> [WORK INSTRUCTIONS]: The expected output is each line from the one containing "コーコス 【CO-COS】 春・夏用作業服" to the last line of the data below, set down exactly, minus the pictures.

> [EXERCISE DATA]:

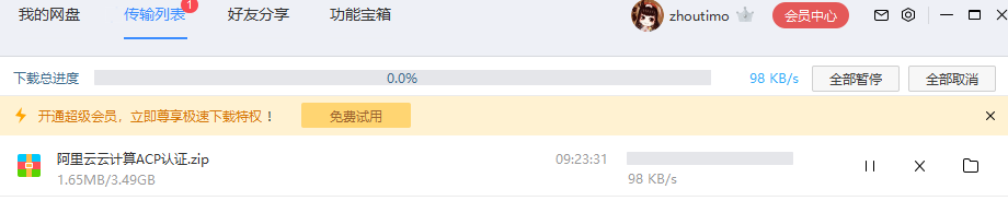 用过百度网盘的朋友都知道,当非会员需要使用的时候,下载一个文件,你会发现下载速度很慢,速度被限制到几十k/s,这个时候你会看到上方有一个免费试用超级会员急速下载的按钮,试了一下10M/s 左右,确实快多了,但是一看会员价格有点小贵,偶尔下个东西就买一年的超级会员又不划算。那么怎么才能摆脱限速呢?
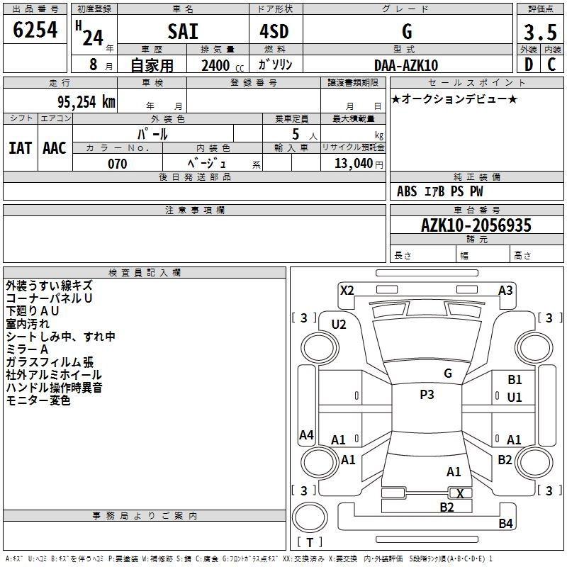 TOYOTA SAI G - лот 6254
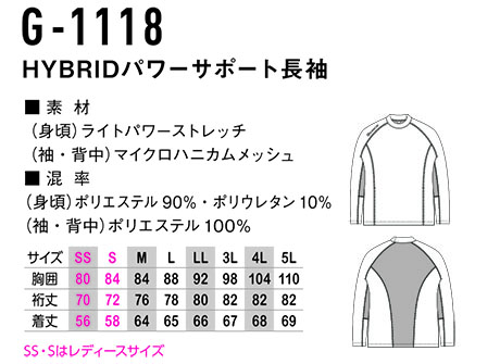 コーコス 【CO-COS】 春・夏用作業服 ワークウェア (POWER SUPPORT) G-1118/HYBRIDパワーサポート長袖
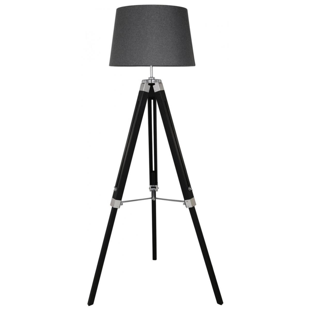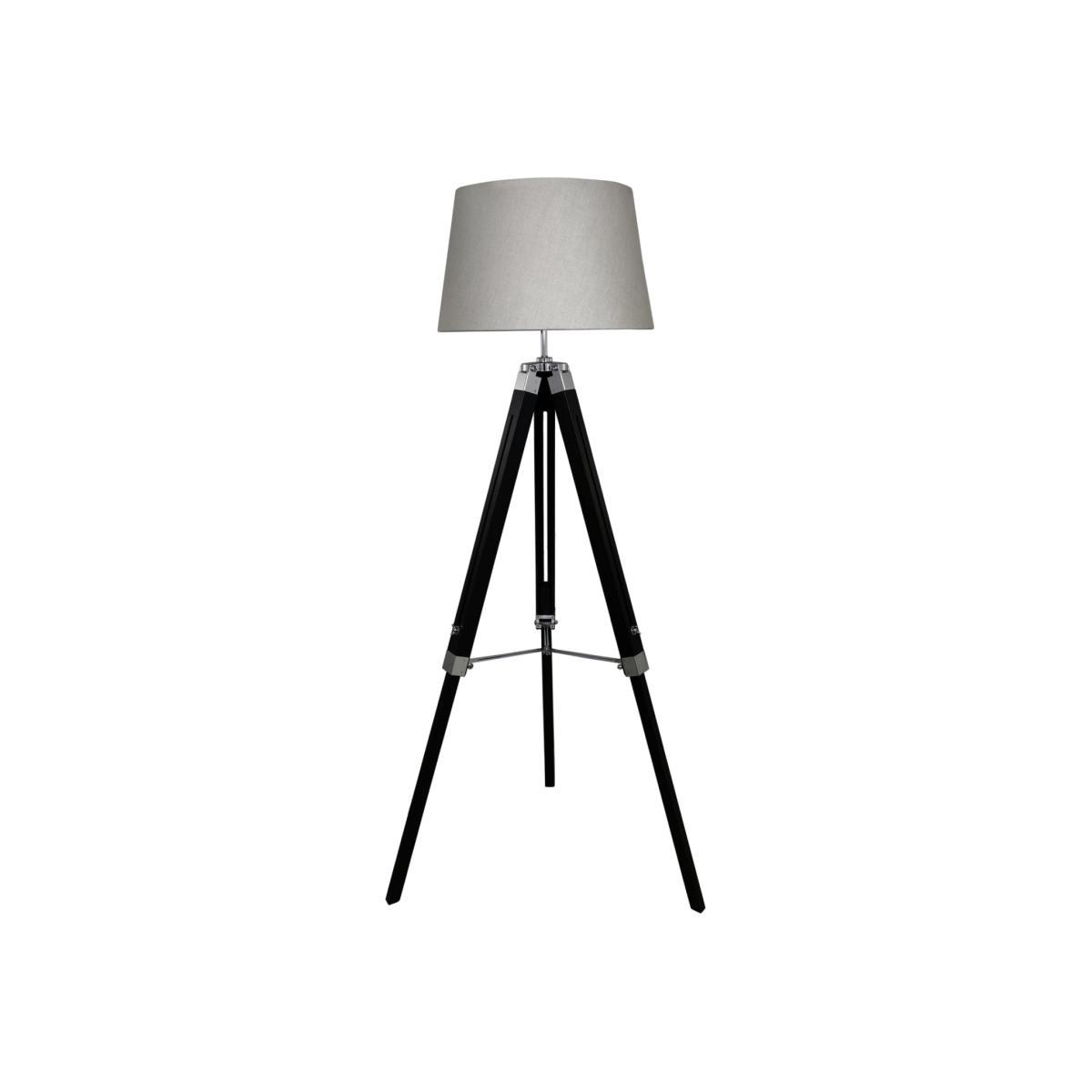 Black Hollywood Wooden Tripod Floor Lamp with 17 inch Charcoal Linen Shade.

> [WORKED SOLUTION]:
 コーコス 【CO-COS】 春・夏用作業服 ワークウェア (POWER SUPPORT) G-1118/HYBRIDパワーサポート長袖
 Black Hollywood Wooden Tripod Floor Lamp with 17 inch Charcoal Linen Shade.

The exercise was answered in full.